The first generation of coding assistants mostly stayed outside the repository. They could answer questions, explain code, and generate diffs, but the actual work still came back to the developer. Someone had to apply the change, run the command, check the failure, and decide what happened next.

As assistants became agents, tools like Aider, Cursor, and Claude Code gave models access to the repo, the filesystem, and the terminal. This did remove a lot of friction: if the agent already knew what to edit and which test to run, it could close the loop itself.

But giving agents the ability to act also changed the risk. Shell access is useful for running tests and installing dependencies, but it can also execute destructive commands, expose sensitive files, or follow malicious instructions hidden in the repo. Permissioning helped, but allowlists and approval prompts could only go so far. Shell safety is contextual, and the same command can be harmless in one situation and dangerous in another.
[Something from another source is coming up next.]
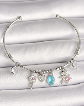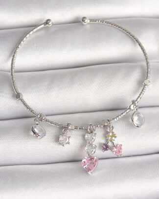Pirinç Gümüş Renk Sallantı Zirkon Taşlı Kalp Figür Charm Kadın Bileklik
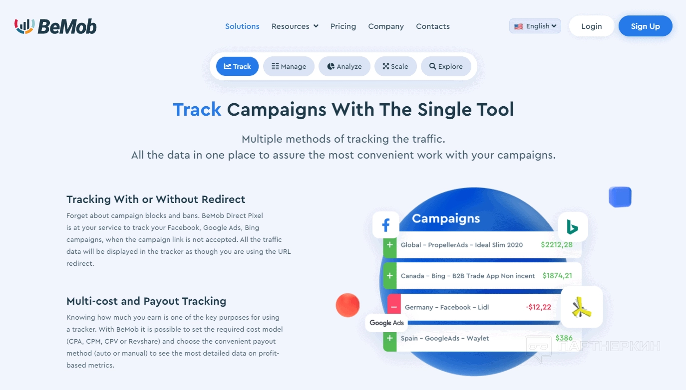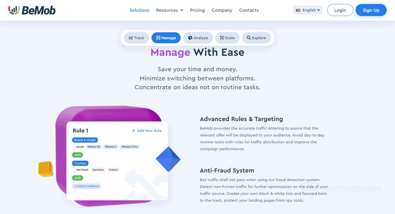 Опционально производится ротация трафика (отчасти платная функция), позволяющая распределять трафик и конверсии по всем рекламным кампаниям в соответствии с уникальными условиями.

Long-running workflows like Ralph loops and later claw systems made this more obvious. Developers wanted agents that could keep working beyond a single prompt: try an approach, run tests, inspect failures, update code, and continue. That kind of autonomy needs more than tool access. It needs a safe, persistent place to work.

While building Potpie, we ran into the same issue. There were no agent specific isolation systems that catered to the quirks of agent specific permissions. Docker, spare machines, allowlists, and remote sandboxes each solved part of the problem, but each left something unresolved: persistence, privacy, recovery, scale, and lastly trust.

That is why coding agents need an agent-native sandbox: A sandbox with a safer but permissive shell, a controlled workspace where they can work freely enough to be useful without putting the host, the codebase, or any other systems at risk.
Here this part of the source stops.